Energy Poverty Creating a Respiratory Disease Epidemic
Energy poverty leads to severe respiratory diseases killing nearly two million people worldwide each year, say researchers.
Energy poverty leads to severe respiratory diseases killing nearly two million people worldwide each year, say researchers.
"Energy poverty is one of the biggest human welfare issues of our day," says Hisham Zerriffi, an assistant professor with the Liu Institute for Global Issues at UBC who is presenting his work at the 2012 Annual Meeting of the American Association for the Advancement of Science (AAAS) in Vancouver on Feb. 17. "We're talking about more people who die each year from cooking than from malaria."
[N.B. Zerriffi is participating in a AAAS press briefing at 1 p.m. on Thursday, Feb. 16, Vancouver Convention Centre room 223-224. He is available for interviews after the press briefing on Thursday, Feb. 16 and the morning of Friday, Feb. 17. He can be reached at 604.338.2207. Zerriffi's symposium takes place Friday, Feb. 17 at 1:30 p.m. Twitter hashtags: #AAASmtg and #UBC]
It is often women and children who suffer the most from indoor air pollution, and who carry the burden of collecting fuel to burn, says Zerriffi. Beyond the health and gender equity implications, burning biomass is also associated with environmental concerns such as carbon emissions and climate change.
Zerriffi and his graduate students are researching ways to switch people to cleaner cookstoves. Despite the availability of technology that can burn a variety of fuels more efficiently, governments, for-profit businesses and non-governmental organizations have made little progress in getting individuals to switch to improved cookstoves and modern fuels.

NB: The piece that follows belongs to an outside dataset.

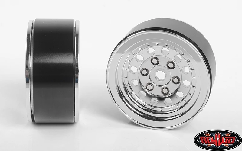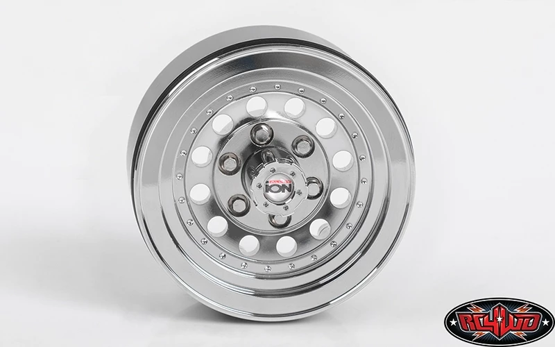 Give a classic look to your scale RC truck by mounting the first Officially Licensed aluminum RC wheel from ION. These RC4WD ION Style 71 1.9″ Beadlock Wheels feature a slick chrome design with the look that you might find on a truck in the 80’s, only in 1/10th scale. As always, you can expect that we went the extra mile to have as much detail as possible, including installing the scale ION Alloy emblem sticker inside the wheel hub to add to the style on these RC wheels. We designed this internal beadlock wheel to mount using 6 Socket Head Cap Screws M2.5 X 8mm in the back of the wheels. This makes the wheel look great from the front and back by hiding the screws that hold it together. The front of the wheel has 6 Miniature Scale Hex Bolts (M2.5 X 4mm) to mimic lug bolts, however, these are not functional as the 12mm mounting hub is machined into the wheels. To finish it off, these also have a scale hub with a 5mm nut inside it along with a tool to help mount them to the truck.

"We need to combine new technologies with smart policies," Zerriffi says. "We need to help create viable markets, encourage households to switch to new stoves, and fix some of the gaps in funding - especially for those at the lowest end of the income scale."
"It's a complicated problem because governments can't afford to hand out improved cookstoves to a continually growing population, and the private sector needs to recover its costs so they can continue to distribute more stoves."
When the private sector got into the cookstove business a few years ago, it looked as if this could be a successful solution. Today, these businesses are having trouble, Zerriffi says.
According to him, the problem is that the majority of consumers who need this product are very poor with little disposable income for stoves. With this consumer base, businesses don't have the additional resources needed to market the product and sustain their operations.
Recent activities to use financing from carbon-offset programs to support the distribution of cleaner stoves have been offered as a potential solution.
Organizations distributing cookstoves can apply for carbon credits in the internationally regulated carbon offsets market or sell them on the voluntary market. But according to Zerriffi and his colleagues, these programs have received mixed reviews.
Zerriffi's colleague Michael Brauer, of the UBC School of Population and Public Health, is evaluating one such carbon credit-financed program in India. Brauer, who along with Zerriffi is a co-organizer of the AAAS symposium on Feb. 17, will measure health improvements, to what extent emissions relevant to both human health and climate change are being reduced, and whether the stoves are sustainable and accepted in the community.
"There is great potential to dramatically improve people's lives and reduce a major source of emissions related to climate change," says Brauer, "but there is also the potential to squander lots of money and goodwill."